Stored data
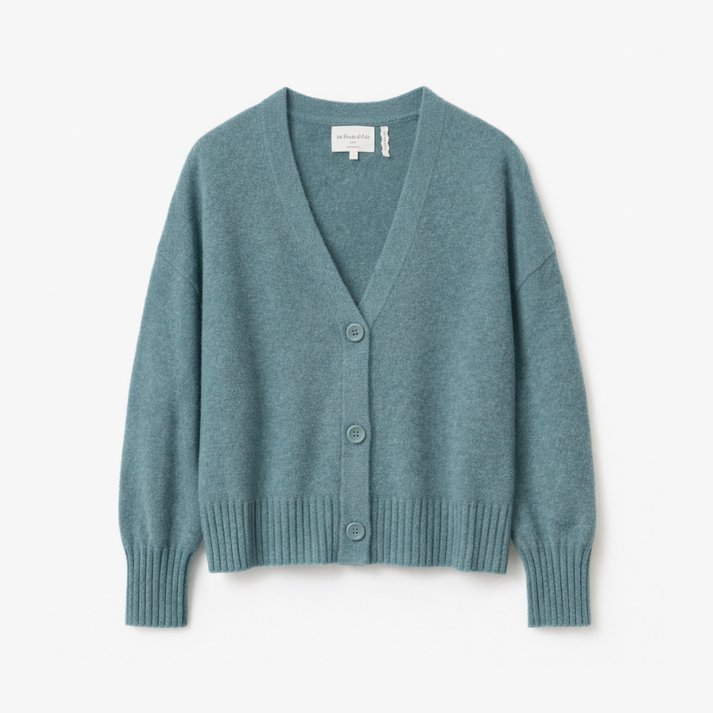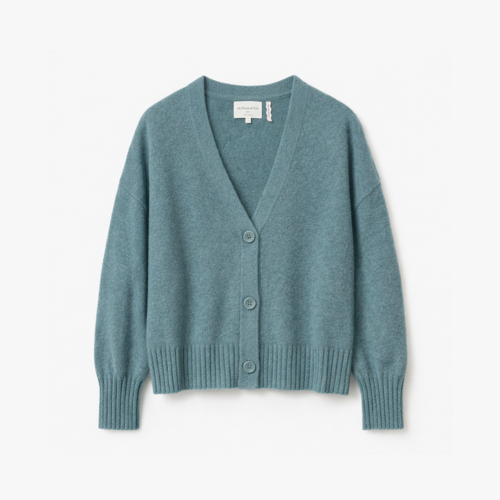 Luxurious cashmere cardigan with a relaxed fit in soft teal.
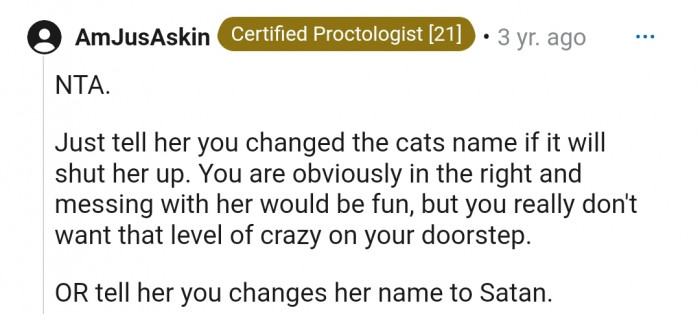 Do you think OP should rename her cat because of her neighbor’s complaints? Let us know in the comments section below!
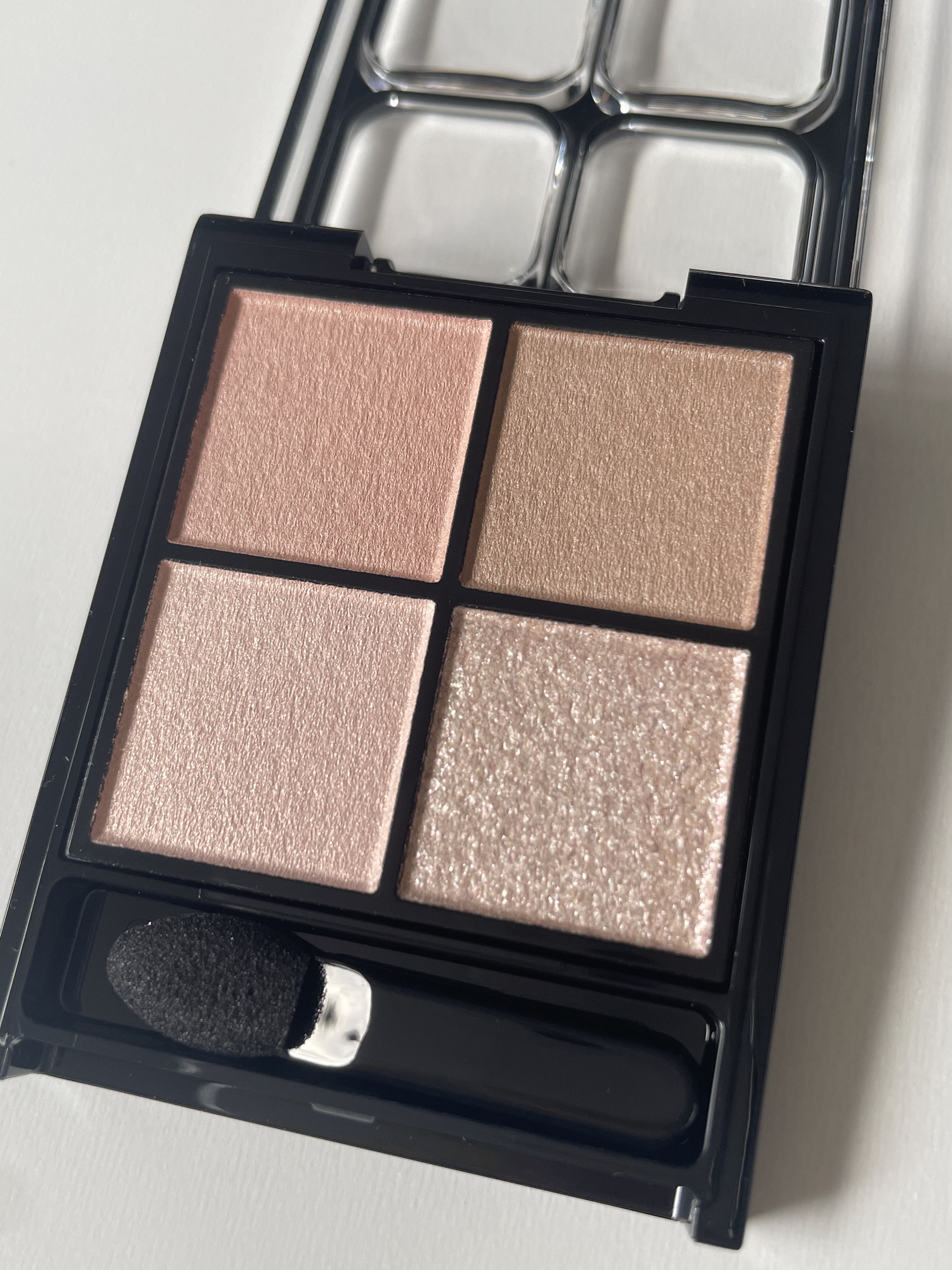 色味が好みで購入しましたが、思ったより発色が弱くて結構ガッツリ塗らなきゃ満足できません。左下のラメはかわいいですが落ちやすく、手持ちのキャンメイクの8色パレットの似た粉質のものの方が優秀だなと思いました。部分的になら使えるかなくらいの使用感です。
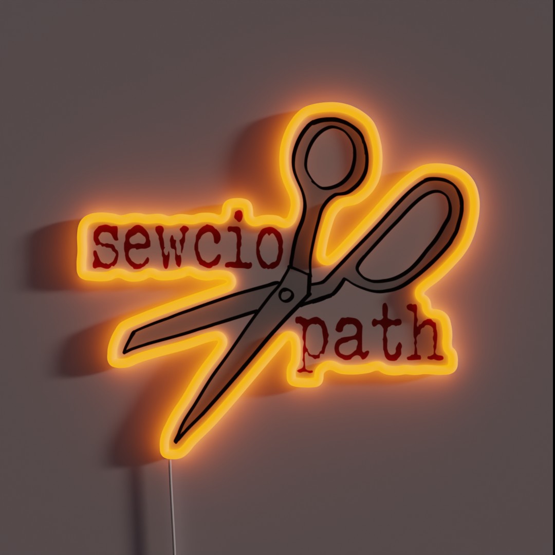 Add a touch of quirky style to your home decor with our unique Sewciopath with Scissors RGB neon sign, featuring a colorful and humorous design that’s sure to delight horror movie fans and DIY enthusiasts alike.
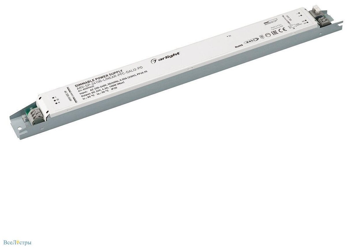 Диммируемый источник напряжения по протоколу DALI 2.0 и функцией PUSH DIM с гальванической развязкой для светодиодных изделий. Входное напряжение 220-240 VAC. Выходные параметры: 24 В, 4,2 А, 100 Вт. Встроенный PFC >0,95. Негерметичный алюминиевый корпус IP 20.Габаритные размеры длина 360 мм, ширина 30 мм, высота 21 мм. Гарантийный срок 5 лет.
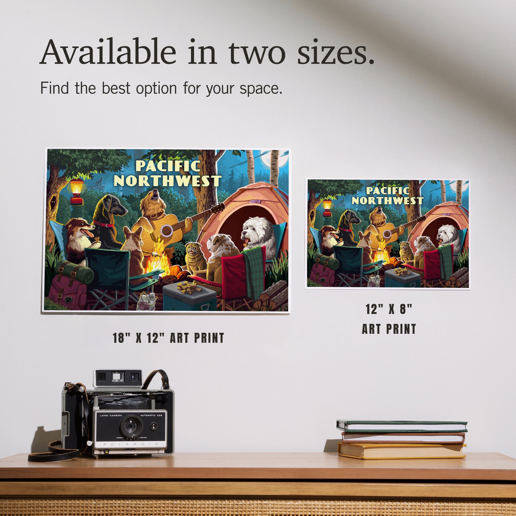 Pacific Northwest, Painterly, Pack Life, Dogs Around Campfire, Art & Giclee Prints

__EXERCISE AIM__
Print the lines from the beginning of the records up to and including the line containing "色味が好みで購入しましたが、", word for word, with no pictures.

__ANSWER TO THE PROBLEM__
 Luxurious cashmere cardigan with a relaxed fit in soft teal.
 Do you think OP should rename her cat because of her neighbor’s complaints? Let us know in the comments section below!
 色味が好みで購入しましたが、思ったより発色が弱くて結構ガッツリ塗らなきゃ満足できません。左下のラメはかわいいですが落ちやすく、手持ちのキャンメイクの8色パレットの似た粉質のものの方が優秀だなと思いました。部分的になら使えるかなくらいの使用感です。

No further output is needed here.